The U.S. Sixth District Court of Appeals recently ruled that 11 USC Section 1307 (b) requires a bankruptcy court to dismiss a Chapter 13 bankruptcy petition upon petition by a debtor, even if the debtor filed in bad faith.
A copy of the statement in Regarding Ronald Smith is available at: Link to comment.
In 2004, a debtor received a $ 528,500 loan to buy a home. About a year later, the debtor defaulted on the loan, which resulted in the mortgagee ordering the property to be foreclosed on August 7, 2007.
To prevent the foreclosure sale from continuing, the debtor has filed for Chapter 13 bankruptcy, thereby triggering the automatic suspension under 11 USC Section 362 (a). The debtor dismissed his Chapter 13 case after the August 7, 2007 foreclosure auction date had passed.

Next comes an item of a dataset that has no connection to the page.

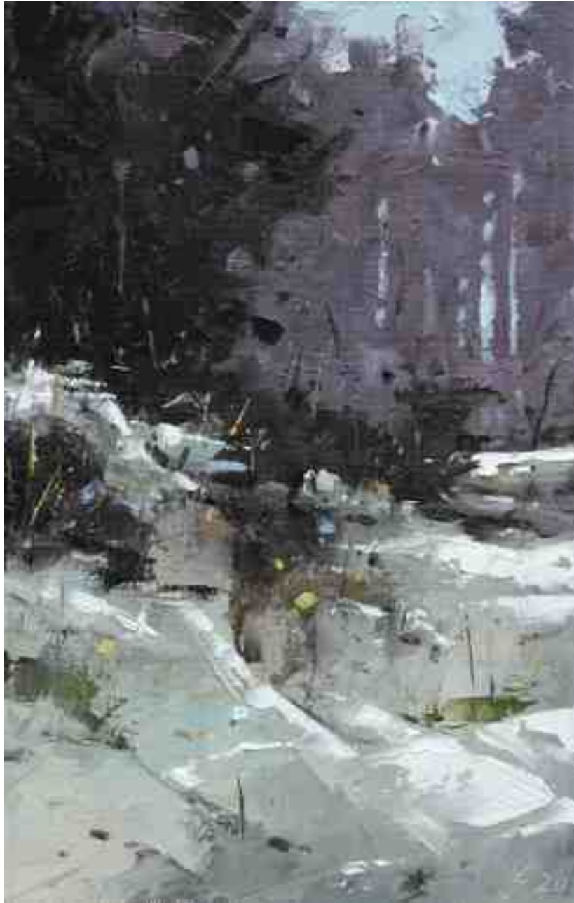
Winterreste I 2020 | Öl/Kt | 23,6 x 15 cm

In 2017, the mortgage holder rescheduled to foreclose the property and the debtor re-filed for Chapter 13 bankruptcy. After the foreclosure sale date of the property passed, the debtor rejected his Chapter 13 application.
In early 2019, the appeal bank bought the loan and then set the foreclosure sale of the property on February 19, 2019. The day before the foreclosure sale, the debtor re-filed a third Chapter 13 motion for an automatic suspension that prevents the foreclosure sale. move forward. The debtor dismissed his Chapter 13 petition six days later, which the bankruptcy court granted.
In June 2019, the bankruptcy court: (1) granted the bank’s motion to overturn the termination under the Fed. R.Civ. P. 60 (b); and (2) separately lifted the automatic suspension that would have prevented the property from being foreclosed.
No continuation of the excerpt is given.